The Mall of America Mallmanac, ca. 1994. View the full PDF version here.
Obviously, I've always had an affinity for shopping malls. Another indulgence with which I've had a long standing relationship is the roller coaster. The Mall of America was both of those pleasures all rolled into one. My excitement was nearing its peak as we approached the city of Bloomington driving eastbound on I-494. Just around a bend, there it was. She spread herself out on the horizon with her beige and amber smile, while the corner anchors of Nordstrom and Sears resembled outstretched arms, ready to welcome me.
We entered the cavernous interior on the East Broadway wing with it's flashing neon, shiny chrome and black trimmed elements. The overwhelming facility extended vertically another three tiers above my head while a band played nearby on the ground level stage. Every sense was being tastefully stimulated. The Mall of America was almost everything I expected it to be. Then I heard the low rumble of something racing by on a steel track, and my joy was complete. I looked ahead to Knott's Camp Snoopy and the Ripsaw Roller Coaster, both located just under an immense expanse of clear glass, bathing every square inch of the amusement park in soothing, warming natural light. The temperature was still in the teens outside, but I was feeling a heated rush of excitement within myself.

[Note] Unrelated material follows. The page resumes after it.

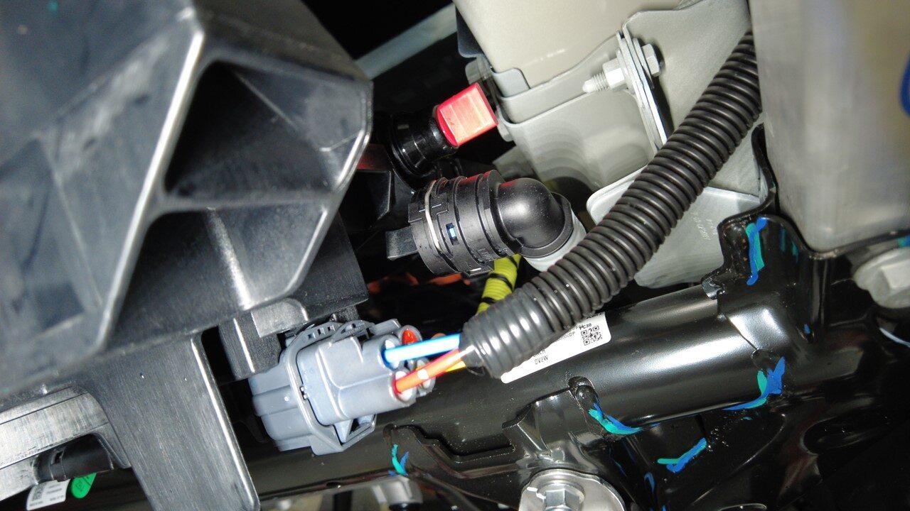 安装将转向机线束固定到前备箱储物单元加固支架的夹子(3 个)。

A postcard of Bloomington featuring their claim to fame.
Man, we did so much on that trip to The Mall of America. I left Planet Hollywood full of greasy Cap'n Cruch and disappointment for the first time. I enjoyed the rather mild Ripsaw coaster for several circuits. I discovered one of the finest timber-flume runs I'd ever had the pleasure of riding with the Log Chute. I even got my initial ear piercing with some tacky gold and faux diamond stud at one of the five or so Claire's Boutiques. And even after spending several hours within those tourist filled corridors, we may have covered one-third of the place.
Working for Northwest Airlink during the early 2000s, I found myself in the Twin Cities quite often on business. They'd almost always arrange for our accommodation at the Holiday Inn location in Bloomington that was in close proximity to The Mall of America. After visiting countless times just to grab a quick bite to eat or to pick up a new toothbrush, the place eventually lost all of its novelty. But I still couldn't help but stare upward and to be amazed every time I walked into the four million square foot wonder.

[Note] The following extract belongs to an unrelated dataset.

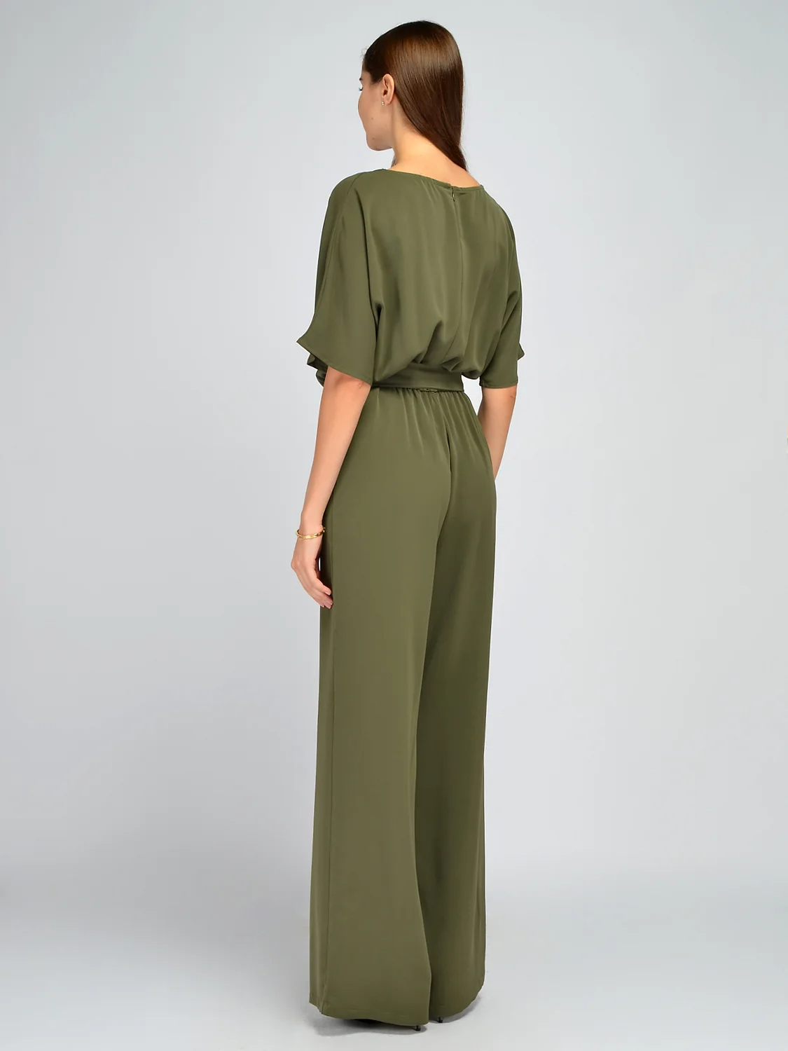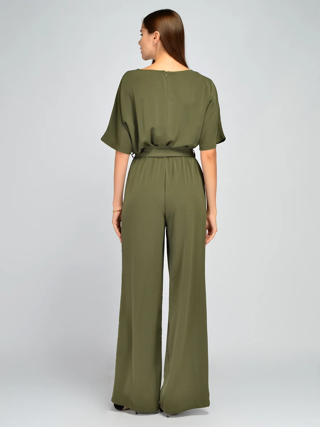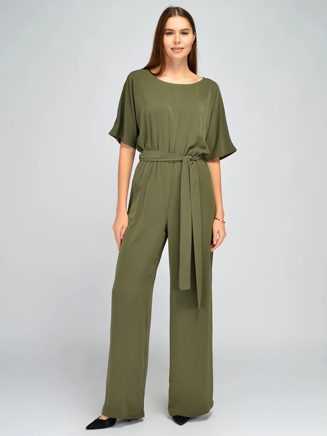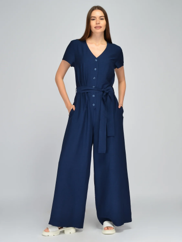 Брючный комбинезон свободного кроя станет находкой для любой модницы. Изящный вырез горловины лодочка не давит на шею, приоткрывает ключицу, добавляя легкости и женственности. Свободные рукава до локтя обеспечат свободу движений, поэтому Вы будете чувствовать себя раскованно и уверенно за праздничным столом или на танцполе. По линии тали проходит удобная резинка, которая моделирует утонченный силуэт и гармоничные пропорции фигуры. Резинка скрыта комплектным поясом в цвет изделия, дополнительно акцентируя внимание на талии. Застегивается модель на потайную молнию на спине. Благодаря широкому фасону комбез не облегает фигуру, не акцентирует внимание на ее нюансах, а, наоборот, подчеркивает ее достоинства. Модель выполнена в актуальных расцветках, в которых Ваш образ будет стильным и притягательным. Комбез с длинными брюками идеально подойдет высоким девушкам. Лаконичный комбинезон с поясом будет уместно смотреться в офисе, на торжественных и культурных мероприятиях. Дополните образ подходящими украшениями, аксессуарами и обувью.

The Mall of America's layout at its opening.
The Mall of America was conceptualized by the Triple Five Group, owned by the Ghermezian family of West Edmonton Mall fame, and was built in conjunction with their partner Indianapolis-based Simon. Opened in 1992, it was constructed on the site of the razed Met Stadium just south of the Minneapolis-Saint Paul International Airport. It was a hit from the moment the doors were open and brought Nordstrom and Bloomingdale's to the state. To this day, it maintains yearly visitor counts of around forty million, while the owners' plans for a Phase II that will nearly double the size of the complex have been on the drawing board for years.
The Mall of America as of this writing.
A few things have changed since that original visit of mine. Knott's Camp Snoopy is now branded Nickelodeon Universe, theme restaurants have fallen out of favor leading to Planet Hollywood's closure in 2003 and Bloomingdale's, citing the location's disappointing performance, closed in 2012. Presently, the 210,000 square foot building is being subdivided into space for several junior anchors. A marine exhibit, SEA LIFE Minnesota Aquarium, now occupies space on the basement level, allowing visitors to traverse a 300 foot tunnel where over 4,500 organisms can be viewed. Oh yeah, and I now have both ears pierced and wear simple silver studs instead of gold.